(Stored dataset items)

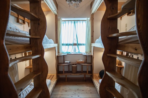 2018年8月にopenしたMIXドミトリー。2段ベッドの8人部屋です。ハンモックやサーフボードの階段、パドルのハンガー掛け、ココナッツの照明など全て手作りしました。夜はかつおのステンドグラスがとっても奇麗です♪
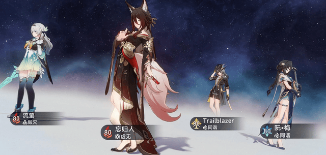 如果你有2魂流萤、阮·梅、灵砂,那更加推荐至少抽个0+0,忘归人自带的破韧机制,保证了击破队在失去同谐主后,不会出现缺口。
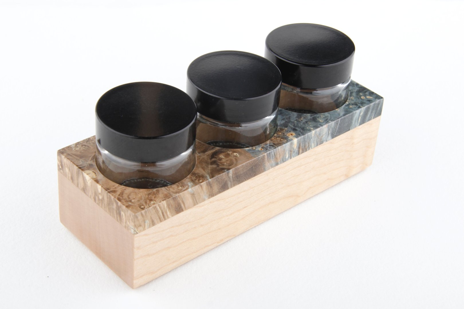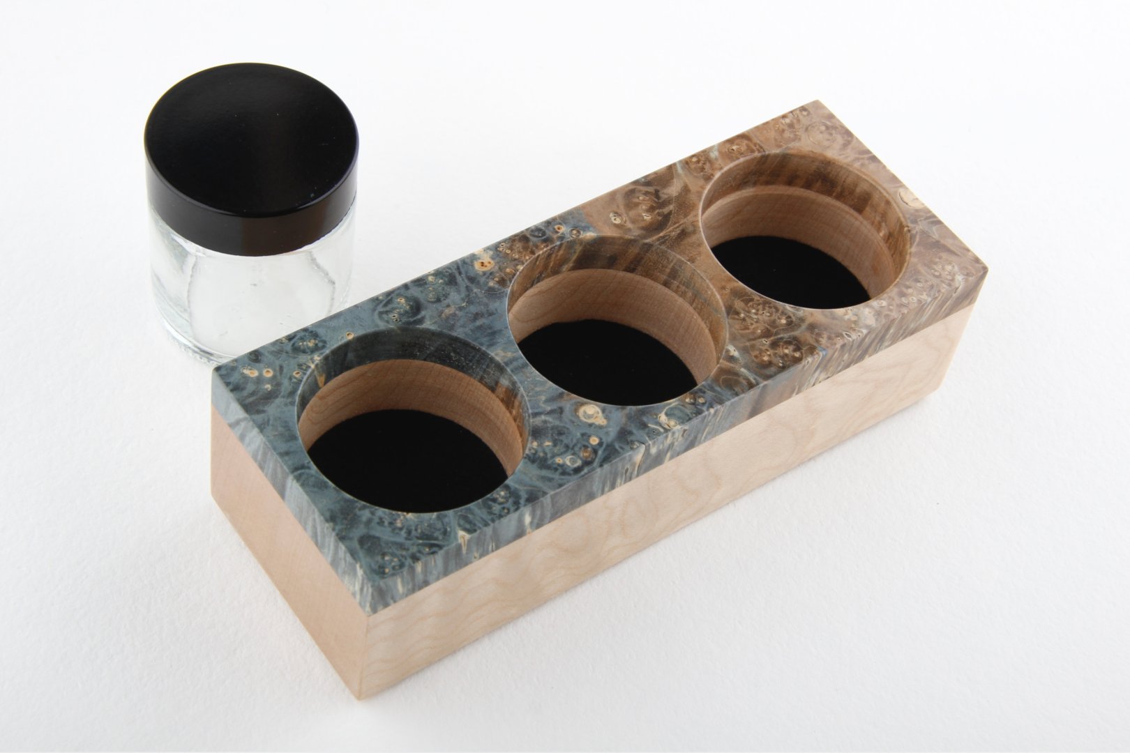 Inkwell made of stabilized Maple Burl and curly Sycamore Maple wood.
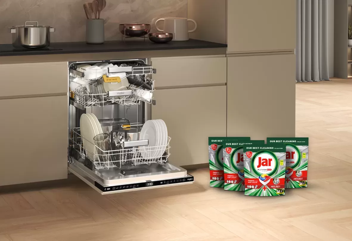 Dopřejte své myčce Whirlpool i nádobí tu nejlepší péči – a to celý rok bez starostí. Zásoba prémiových kapslí Jar Platinum Plus All in One - 4 balení po 54 kapslích - si poradí i s odolnými nečistotami a zanechají vaše nádobí dokonale čisté a lesklé.
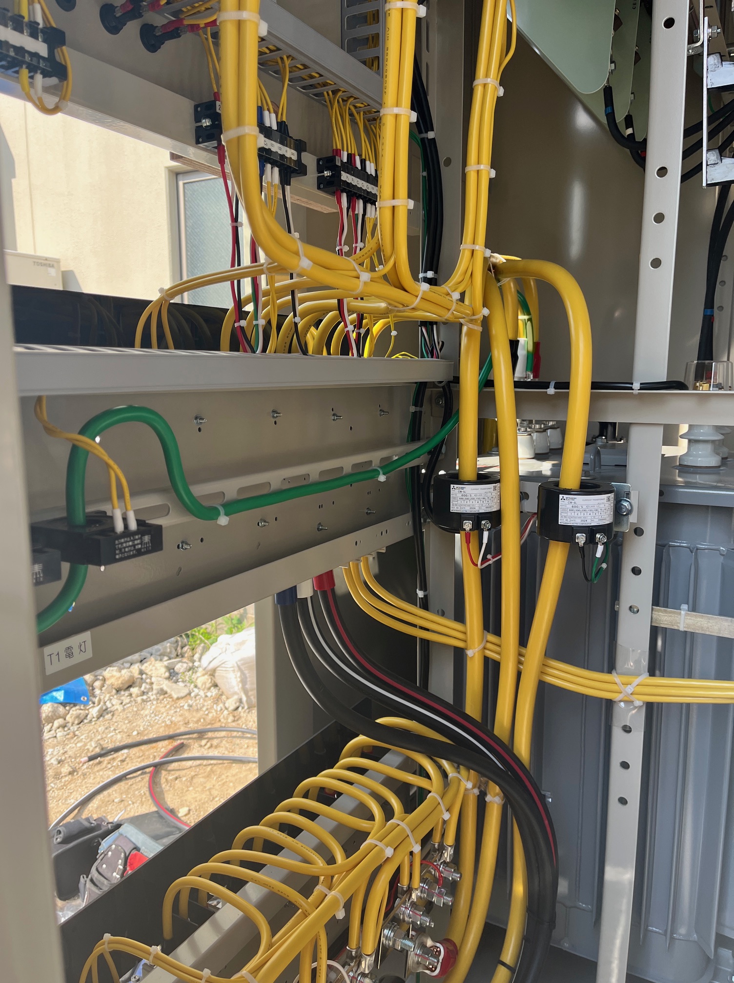これは、キュービクル(受変電設備)の内部配線です。整然と束ねられた配線は、私にとって非常に心惹かれるポイントです。

Work required: The records above should be returned exactly; no image belongs in the copy.

Output:
 2018年8月にopenしたMIXドミトリー。2段ベッドの8人部屋です。ハンモックやサーフボードの階段、パドルのハンガー掛け、ココナッツの照明など全て手作りしました。夜はかつおのステンドグラスがとっても奇麗です♪
 如果你有2魂流萤、阮·梅、灵砂,那更加推荐至少抽个0+0,忘归人自带的破韧机制,保证了击破队在失去同谐主后,不会出现缺口。
 Inkwell made of stabilized Maple Burl and curly Sycamore Maple wood.
 Dopřejte své myčce Whirlpool i nádobí tu nejlepší péči – a to celý rok bez starostí. Zásoba prémiových kapslí Jar Platinum Plus All in One - 4 balení po 54 kapslích - si poradí i s odolnými nečistotami a zanechají vaše nádobí dokonale čisté a lesklé.
これは、キュービクル(受変電設備)の内部配線です。整然と束ねられた配線は、私にとって非常に心惹かれるポイントです。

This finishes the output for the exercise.